Because in this article, I’ll explain what a content marketing funnel is and the exact steps you need to follow to create one for your digital product business.
Sound good? Keep reading.
A content marketing funnel is a multi-stage marketing approach that aims to attract, nurture, and convert traffic into leads, customers, and brand advocates using high-quality content.
How is it different from regular blog posts?
Blog posts, articles, lead magnets, and other content types are different components of a content marketing funnel.
But the funnel is a process that connects various content types and serves them at different stages based on the target audience’s needs to achieve the desired business results.
This becomes clearer when you understand the different stages of a content marketing funnel.

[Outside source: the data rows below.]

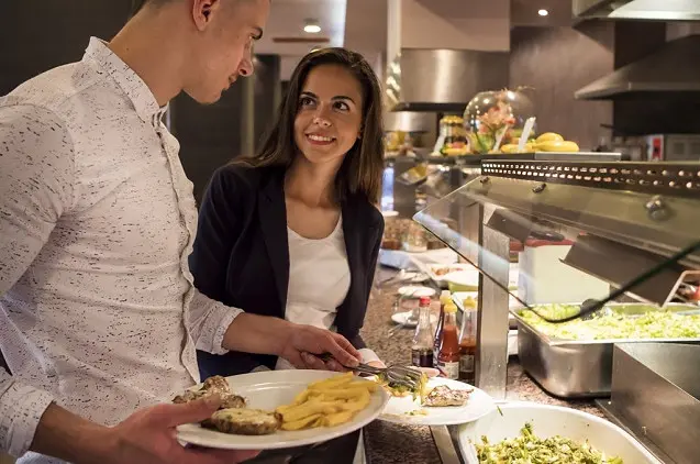 Svečiams kiekvieną dieną patiekiami savitarnos pusryčiai, pietūs ir vakarienė. Komplekso 2 teminiuose restoranuose ruošiami intriguojantys Azijos virtuvės patiekalai, įvairūs bulgarų ir tarptautinės virtuvės valgiai (čia lankytis gali tik ne mažiau kaip 7 nakvynes užsisakę svečiai, o staliukus reikia rezervuoti atvykus). Svečiai laukiami 3 baruose, kuriuose siūlomi vietiniai gėrimai, arbata ir kava. Viename iš barų rengiamos vakaro programos.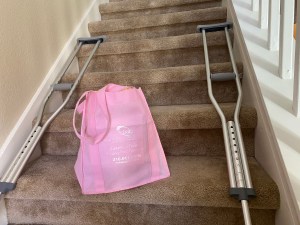 Back home my journey continued. I live alone in a two-story condo with my bedroom upstairs. From the moment I fell the thought uppermost in my mind–well, maybe second-most under how to get out of there–was how to manage at home. Ever since I bought and moved into my condo I’ve wondered what would happen if I couldn’t get up and down the stairs. Now that it is reality, what I do is crawl on my knees going up and down on my butt moving my crutches and a bag with my belongings in it as I progress up or down. It’s inconvenient to say the least, but it works and it’s good exercise.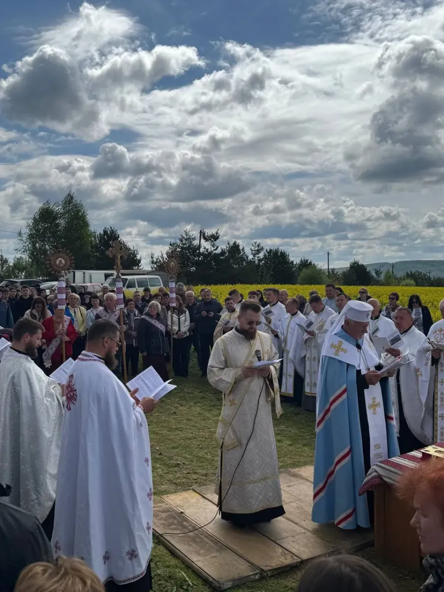 Насамкінець присутні процесійно вирушили до місця, на якому згодом постане святиня, де відбувся Чин освячення хреста та земельної ділянки.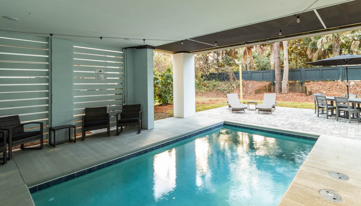 Centrally located in HHI just within the gates of Sea Pines, with golf simulator, outdoor putting green, 2 game rooms, and a backyard area with games, outdoor dining, fire table & lounging areas, this home is a one-of-a-kind experience. Sleeping up to 10 guests (2 king beds and 4 double beds), this luxurious space will offer unparalleled comfort, amenities, and the perfect location for you to use as your central base to enjoy the best of Hilton Head Island.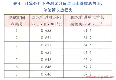 計算條件(指保溫層、保護層材料熱導率均取計算值時)下各測試時間點供回水管道總熱阻、單位管長熱損失分別見表3、4。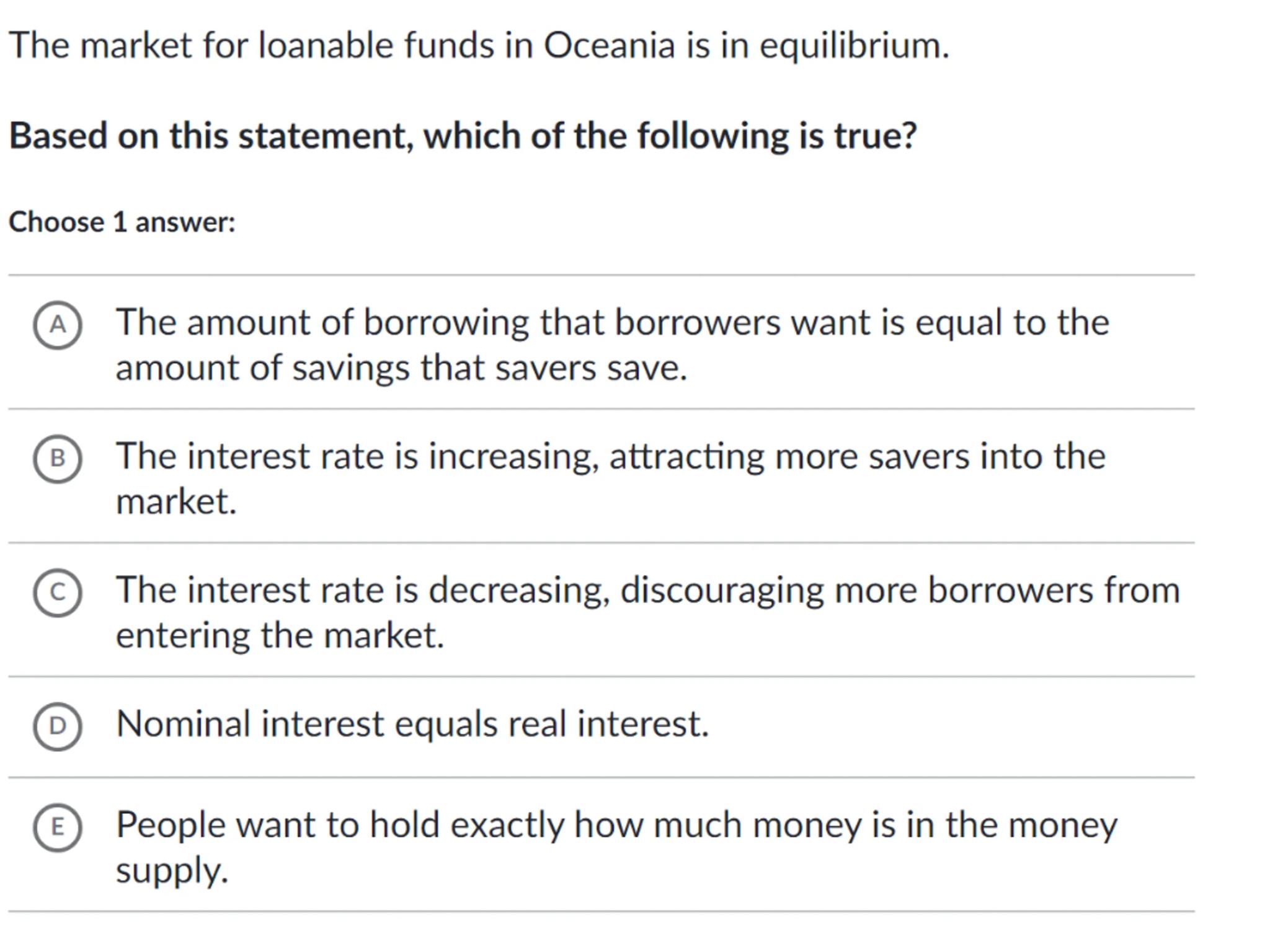 (A) The amount of borrowing that borrowers want is equal to the amount of savings that savers save.

A content marketing funnel typically consists of three broad stages based on an average consumer’s purchase process:
Top Of The Funnel (ToFU)
ToFU content creates brand awareness and generates traffic by targeting high-volume search keywords related to your niche’s fundamental problems and beginner-level questions.
Middle Of The Funnel (MoFU)
MoFU converts traffic into leads by providing specific solutions to your audience’s problems and moves them close to the sale.
Bottom Of The Funnel (BoFU)
BoFU content converts leads into customers by positioning your product as the best option.
This infographic describes the different content marketing funnel stages and the content types used in them.
As you can see, the three funnel stages align with the main phases of the buyer’s journey outlined in the AIDA framework.
- Awareness – The stage where the buyer becomes aware of a problem and why it needs to be solved.
- Interest – In this phase, the buyer becomes familiar with the different products/services that can solve their problem.
- Desire – In this phase, the buyers evaluate different options based on their features, pricing, etc.
- Action – Finally, the buyers choose the most suitable product/service to solve their problem.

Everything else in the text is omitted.